#### [TO DO]
All the data should be repeated exactly. Any image in it is left out.

#### [DATA SHOWN]
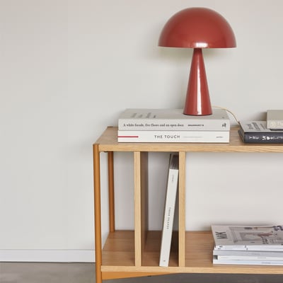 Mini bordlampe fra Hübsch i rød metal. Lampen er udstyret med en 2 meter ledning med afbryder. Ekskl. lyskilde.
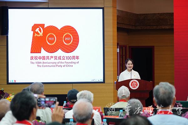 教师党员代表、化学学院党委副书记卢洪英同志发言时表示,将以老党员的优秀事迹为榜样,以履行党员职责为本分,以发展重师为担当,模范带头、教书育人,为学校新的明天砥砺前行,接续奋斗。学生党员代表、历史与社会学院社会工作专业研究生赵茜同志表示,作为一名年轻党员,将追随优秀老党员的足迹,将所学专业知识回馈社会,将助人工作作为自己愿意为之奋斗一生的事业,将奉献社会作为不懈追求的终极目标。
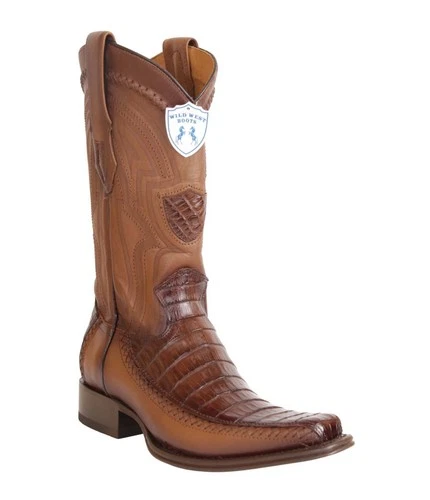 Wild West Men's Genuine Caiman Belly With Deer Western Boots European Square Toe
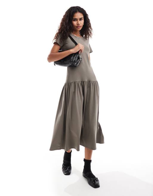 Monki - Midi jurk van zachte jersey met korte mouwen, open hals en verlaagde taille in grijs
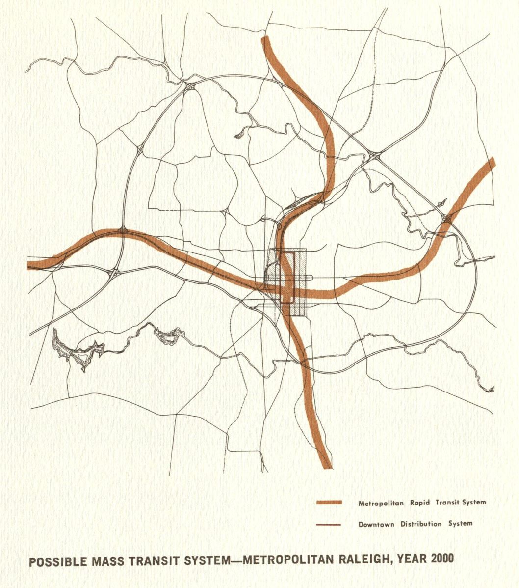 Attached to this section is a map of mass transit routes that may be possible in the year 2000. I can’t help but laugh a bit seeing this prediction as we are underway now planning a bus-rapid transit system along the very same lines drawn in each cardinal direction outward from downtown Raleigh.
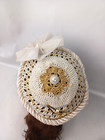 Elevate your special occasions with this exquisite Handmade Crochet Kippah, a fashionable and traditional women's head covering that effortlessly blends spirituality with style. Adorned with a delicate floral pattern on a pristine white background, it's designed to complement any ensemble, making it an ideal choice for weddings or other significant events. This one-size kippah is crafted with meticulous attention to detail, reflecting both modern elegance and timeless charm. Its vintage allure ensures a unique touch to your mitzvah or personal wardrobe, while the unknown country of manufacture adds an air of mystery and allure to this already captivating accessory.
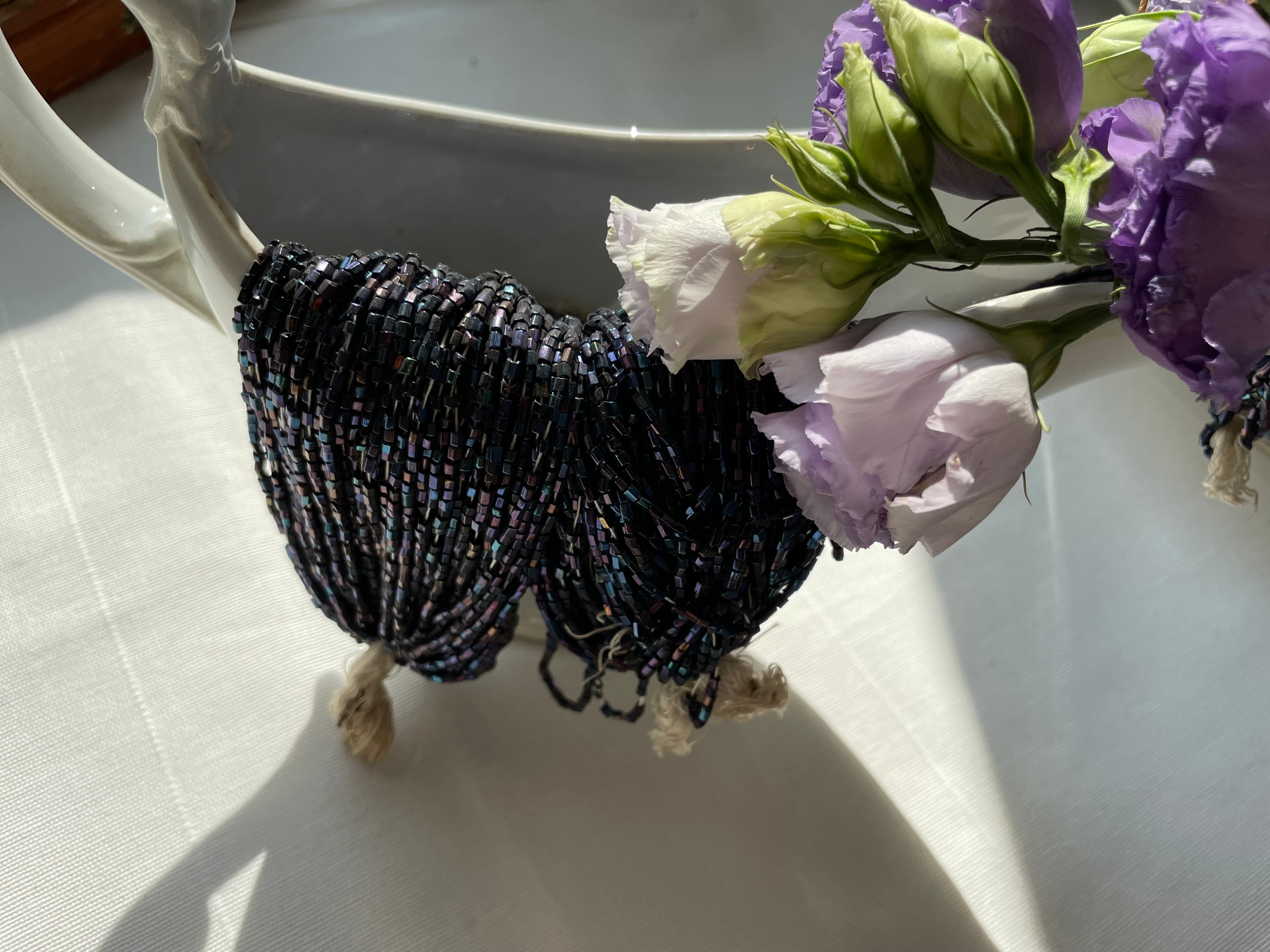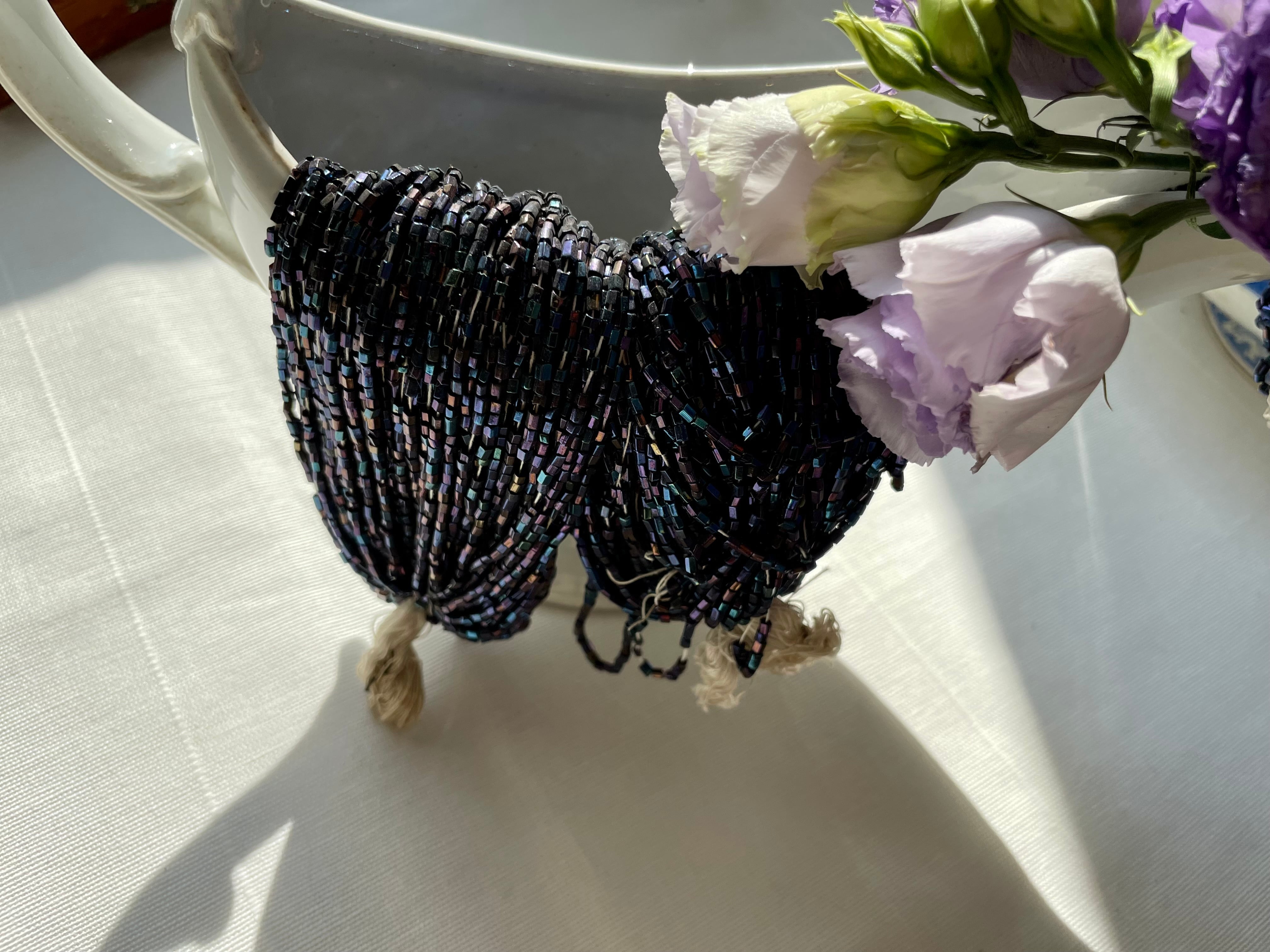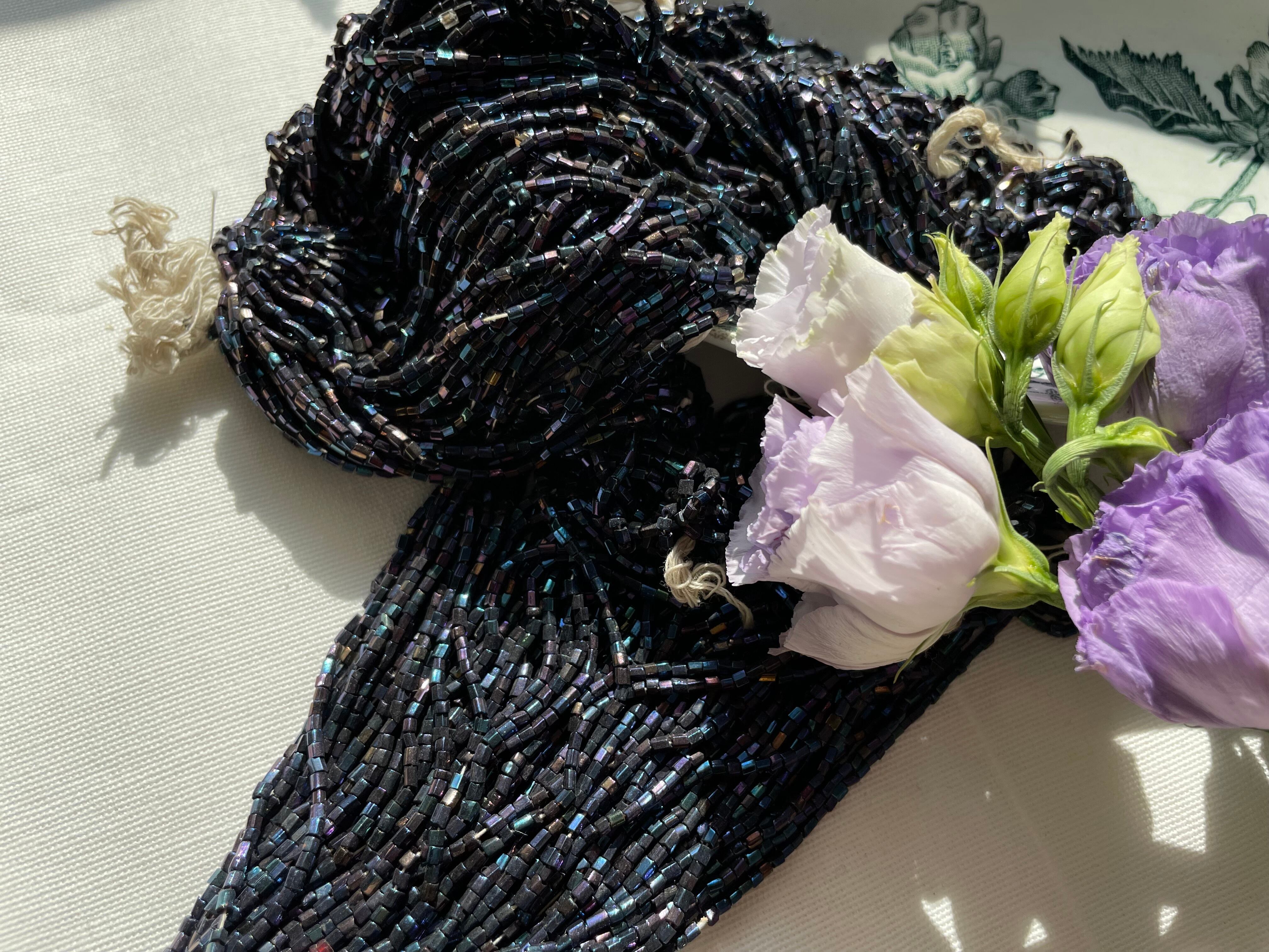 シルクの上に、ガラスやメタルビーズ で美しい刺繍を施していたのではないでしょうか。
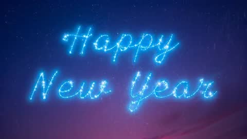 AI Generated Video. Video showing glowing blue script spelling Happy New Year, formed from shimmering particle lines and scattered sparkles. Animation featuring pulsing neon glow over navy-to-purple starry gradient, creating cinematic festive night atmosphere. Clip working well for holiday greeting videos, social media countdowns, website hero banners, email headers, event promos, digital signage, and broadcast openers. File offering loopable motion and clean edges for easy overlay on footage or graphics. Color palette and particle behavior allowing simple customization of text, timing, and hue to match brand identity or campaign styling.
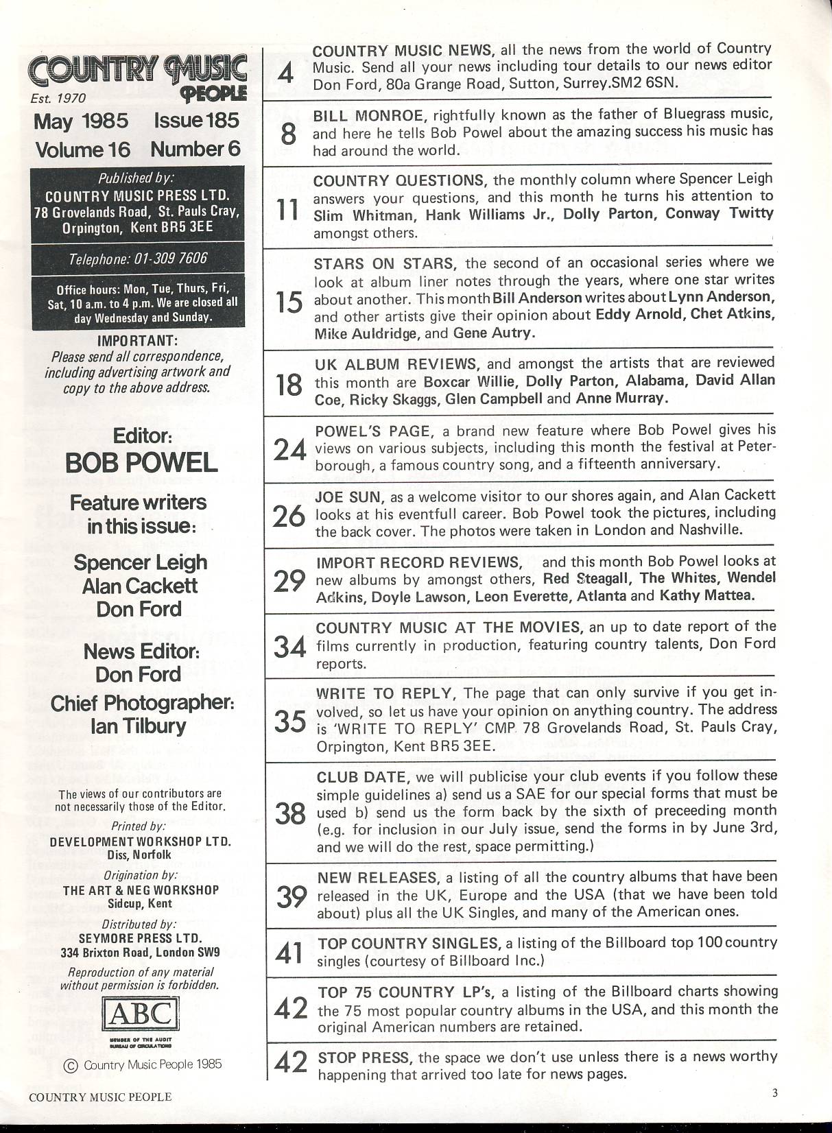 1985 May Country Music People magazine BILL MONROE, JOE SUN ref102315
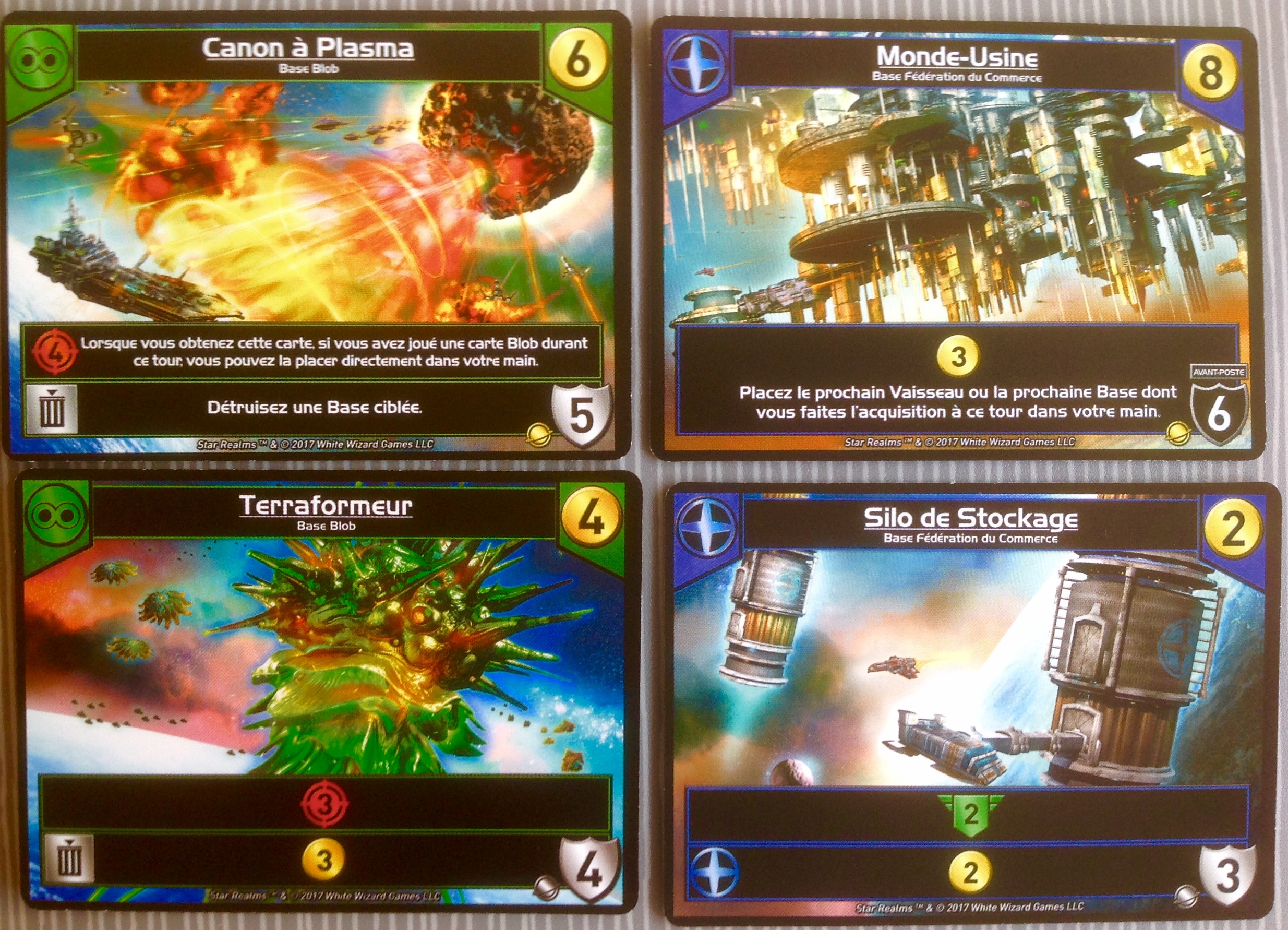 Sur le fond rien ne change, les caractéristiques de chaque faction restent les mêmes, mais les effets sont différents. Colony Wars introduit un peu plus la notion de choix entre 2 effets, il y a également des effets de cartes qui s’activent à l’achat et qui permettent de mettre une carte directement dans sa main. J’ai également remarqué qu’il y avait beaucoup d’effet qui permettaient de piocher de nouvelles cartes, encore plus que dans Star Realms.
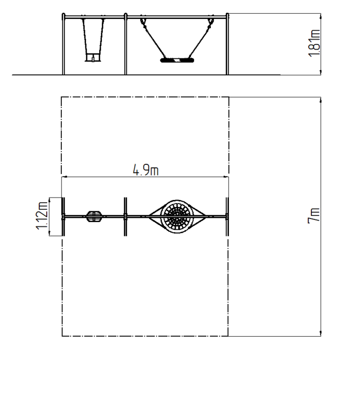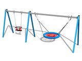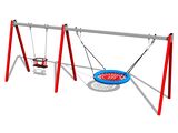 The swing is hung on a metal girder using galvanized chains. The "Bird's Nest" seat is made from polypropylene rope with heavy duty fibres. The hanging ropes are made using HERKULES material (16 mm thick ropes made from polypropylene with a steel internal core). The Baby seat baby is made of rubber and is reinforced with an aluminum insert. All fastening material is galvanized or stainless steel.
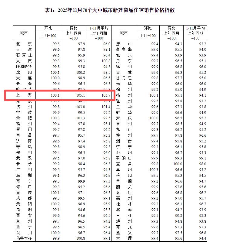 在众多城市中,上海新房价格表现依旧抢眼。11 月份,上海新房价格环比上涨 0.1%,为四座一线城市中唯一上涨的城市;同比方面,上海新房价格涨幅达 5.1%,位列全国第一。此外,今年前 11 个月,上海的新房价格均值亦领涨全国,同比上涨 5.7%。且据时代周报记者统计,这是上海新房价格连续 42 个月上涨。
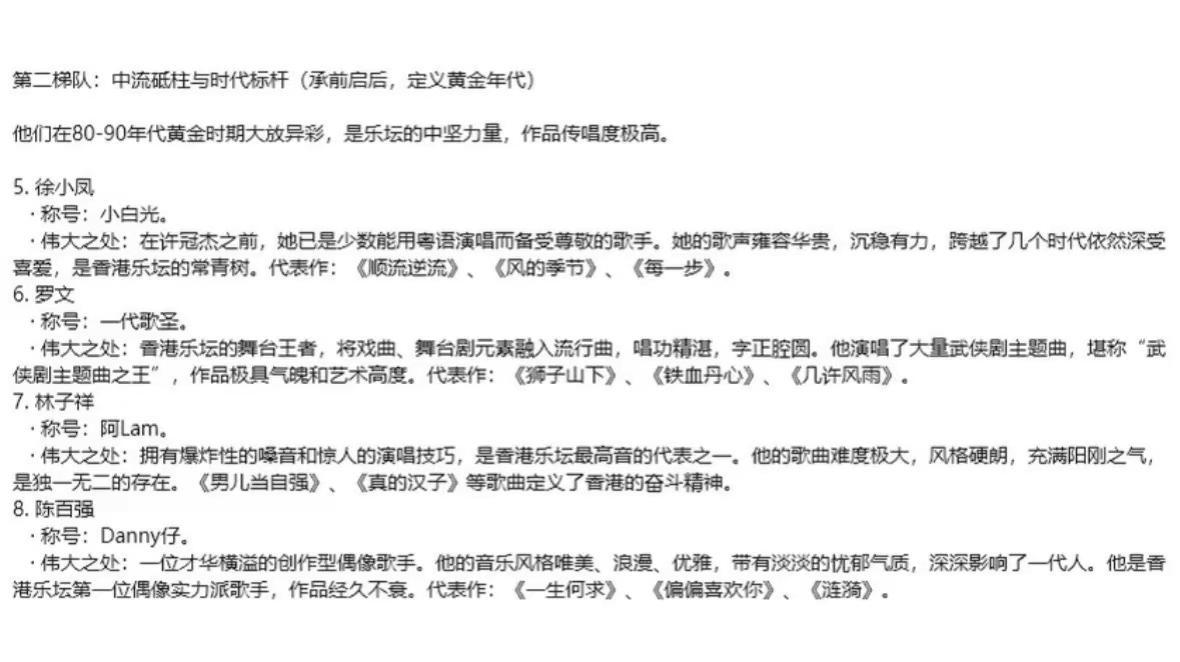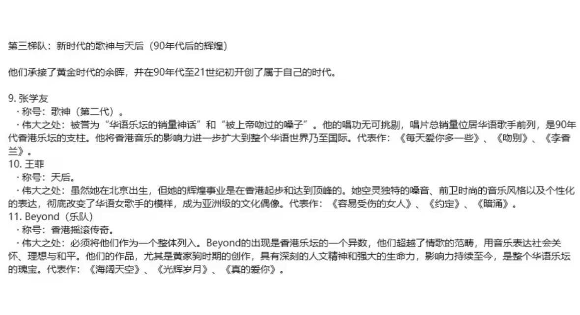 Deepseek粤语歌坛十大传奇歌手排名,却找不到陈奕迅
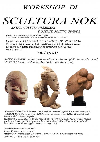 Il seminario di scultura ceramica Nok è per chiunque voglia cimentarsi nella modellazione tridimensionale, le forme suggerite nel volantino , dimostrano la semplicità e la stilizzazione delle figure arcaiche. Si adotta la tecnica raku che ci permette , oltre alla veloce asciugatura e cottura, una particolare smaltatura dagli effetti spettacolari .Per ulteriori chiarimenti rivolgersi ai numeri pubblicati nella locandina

#### [ANSWER BELOW]
 Mini bordlampe fra Hübsch i rød metal. Lampen er udstyret med en 2 meter ledning med afbryder. Ekskl. lyskilde.
 教师党员代表、化学学院党委副书记卢洪英同志发言时表示,将以老党员的优秀事迹为榜样,以履行党员职责为本分,以发展重师为担当,模范带头、教书育人,为学校新的明天砥砺前行,接续奋斗。学生党员代表、历史与社会学院社会工作专业研究生赵茜同志表示,作为一名年轻党员,将追随优秀老党员的足迹,将所学专业知识回馈社会,将助人工作作为自己愿意为之奋斗一生的事业,将奉献社会作为不懈追求的终极目标。
 Wild West Men's Genuine Caiman Belly With Deer Western Boots European Square Toe
 Monki - Midi jurk van zachte jersey met korte mouwen, open hals en verlaagde taille in grijs
 Attached to this section is a map of mass transit routes that may be possible in the year 2000. I can’t help but laugh a bit seeing this prediction as we are underway now planning a bus-rapid transit system along the very same lines drawn in each cardinal direction outward from downtown Raleigh.
 Elevate your special occasions with this exquisite Handmade Crochet Kippah, a fashionable and traditional women's head covering that effortlessly blends spirituality with style. Adorned with a delicate floral pattern on a pristine white background, it's designed to complement any ensemble, making it an ideal choice for weddings or other significant events. This one-size kippah is crafted with meticulous attention to detail, reflecting both modern elegance and timeless charm. Its vintage allure ensures a unique touch to your mitzvah or personal wardrobe, while the unknown country of manufacture adds an air of mystery and allure to this already captivating accessory.
 シルクの上に、ガラスやメタルビーズ で美しい刺繍を施していたのではないでしょうか。
 AI Generated Video. Video showing glowing blue script spelling Happy New Year, formed from shimmering particle lines and scattered sparkles. Animation featuring pulsing neon glow over navy-to-purple starry gradient, creating cinematic festive night atmosphere. Clip working well for holiday greeting videos, social media countdowns, website hero banners, email headers, event promos, digital signage, and broadcast openers. File offering loopable motion and clean edges for easy overlay on footage or graphics. Color palette and particle behavior allowing simple customization of text, timing, and hue to match brand identity or campaign styling.
 1985 May Country Music People magazine BILL MONROE, JOE SUN ref102315
 Sur le fond rien ne change, les caractéristiques de chaque faction restent les mêmes, mais les effets sont différents. Colony Wars introduit un peu plus la notion de choix entre 2 effets, il y a également des effets de cartes qui s’activent à l’achat et qui permettent de mettre une carte directement dans sa main. J’ai également remarqué qu’il y avait beaucoup d’effet qui permettaient de piocher de nouvelles cartes, encore plus que dans Star Realms.
 The swing is hung on a metal girder using galvanized chains. The "Bird's Nest" seat is made from polypropylene rope with heavy duty fibres. The hanging ropes are made using HERKULES material (16 mm thick ropes made from polypropylene with a steel internal core). The Baby seat baby is made of rubber and is reinforced with an aluminum insert. All fastening material is galvanized or stainless steel.
 在众多城市中,上海新房价格表现依旧抢眼。11 月份,上海新房价格环比上涨 0.1%,为四座一线城市中唯一上涨的城市;同比方面,上海新房价格涨幅达 5.1%,位列全国第一。此外,今年前 11 个月,上海的新房价格均值亦领涨全国,同比上涨 5.7%。且据时代周报记者统计,这是上海新房价格连续 42 个月上涨。
 Deepseek粤语歌坛十大传奇歌手排名,却找不到陈奕迅
 Il seminario di scultura ceramica Nok è per chiunque voglia cimentarsi nella modellazione tridimensionale, le forme suggerite nel volantino , dimostrano la semplicità e la stilizzazione delle figure arcaiche. Si adotta la tecnica raku che ci permette , oltre alla veloce asciugatura e cottura, una particolare smaltatura dagli effetti spettacolari .Per ulteriori chiarimenti rivolgersi ai numeri pubblicati nella locandina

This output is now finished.